Currently submitted to: Journal of Medical Internet Research
Date Submitted: Dec 20, 2019
Open Peer Review Period: Dec 20, 2019 - Feb 14, 2020
(currently open for review and needs more reviewers - can you help?)
Integration of mental health care within primary care via video consultation: A qualitative pre-implementation study exploring the perspectives of psychotherapists and psychiatrists
Many patients with mental disorders remain untreated. Video-based mental health care demonstrates comparable effectiveness to face-to-face treatments and is a promising mode for delivering specialized care in primary care. Nevertheless, professionals struggle with implementing video consultations in their daily practice. Specifically, little is known on mental health specialists’ acceptance of mental health video consultations in routine practice. The PROVIDE project aims to imPROve cross sectoral collaboration between primary and psychosocial care through implementing VIDEo consultations. To increase the uptake of video consultations, it is crucial to account for necessary prerequisites and tailor interventions to the needs of the target group prior to implementation.

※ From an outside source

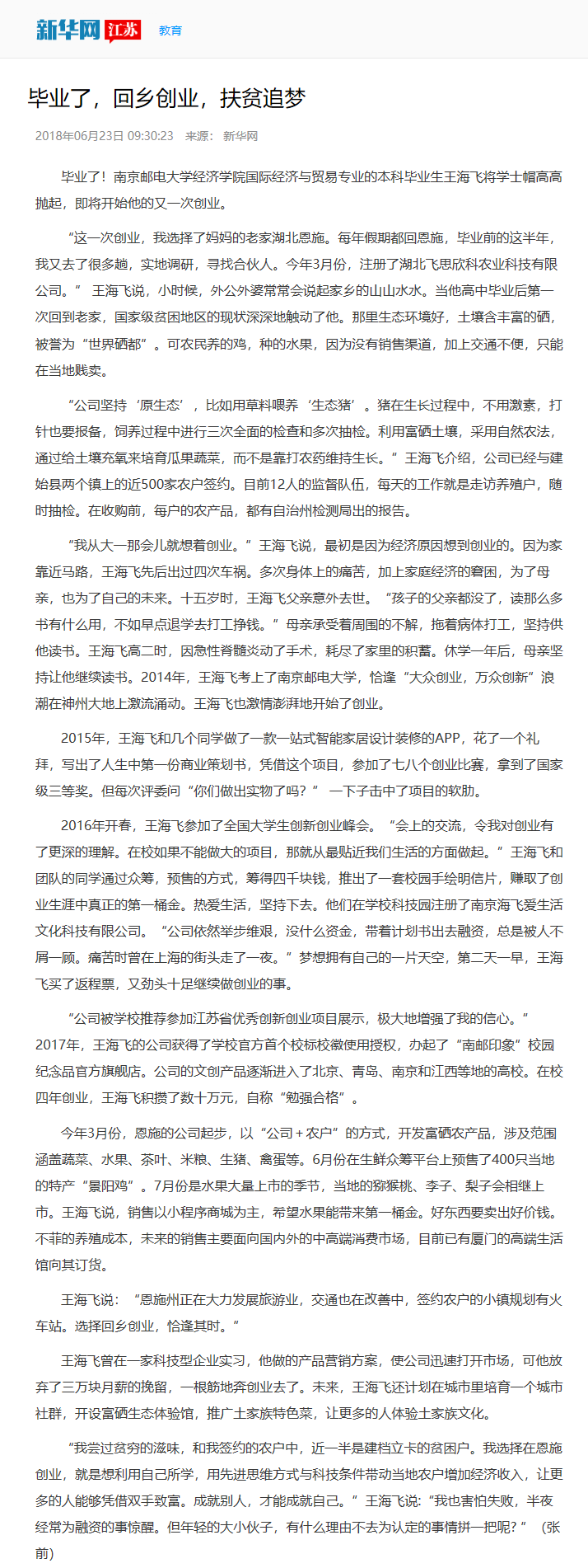 【新华网】毕业了,回乡创业,扶贫追梦

The aim of this study was to explore the acceptance of video consultations embedded in primary care from mental health specialists’ perspectives in Germany.
We conducted a qualitative exploratory pre-implementation study in urban and rural counties. We held three semi-structured focus groups with 11 mental health specialists. We used qualitative content analysis combining an inductive-deductive approach applying the Tailored Implementation in Chronic Diseases framework to the text material which comprises individual health professional factors; patient factors; professional interactions; incentives and resources; capacity for organizational change; social, political, and legal factors and guideline factors.
Against the background of long waiting times and a shortage of mental health specialists especially in rural areas, participants valued video consultations as a potential means to improve access to mental health care. With respect to the TICD domains, the participants most often discussed individual health professional factors, followed by patient factors. All participants highlighted the importance of a trusting relationship between the patient and the therapist and doubted whether such a relationship can be established through video consultations (11/11, 100%). However, participants considered mental health specialist video consultations as particularly suited for patients in rural areas, those with impaired mobility and those who may otherwise remain untreated (6/11, 55%). Most participants expected video consultations to avoid tedious searching for an available therapist and travel time for the aforementioned patient groups and therefore improve access to specialized care for patients (7/11, 64%). Moreover, the participants expected video consultations to improve the collaboration with the family physician (6/11, 55%). Finally, participants identified organizational aspects, such as reliable scheduling, the duration of the individual consultation (9/11, 82%) and reimbursement conditions (7/11, 67%) as key drivers for the acceptance and adoption of the model.
While mental health specialists expect video consultations to improve access to specialized care for some patients, they consistently wonder whether such consultations can establish a trusting patient-therapist relationship. When implementing video consultations, these concerns should be addressed by training providers in managing technology-based treatment settings with extra regard to fostering the patients’ and therapists’ engagement. Clinical Trial: German Clinical Trials Register (DRKS00012487)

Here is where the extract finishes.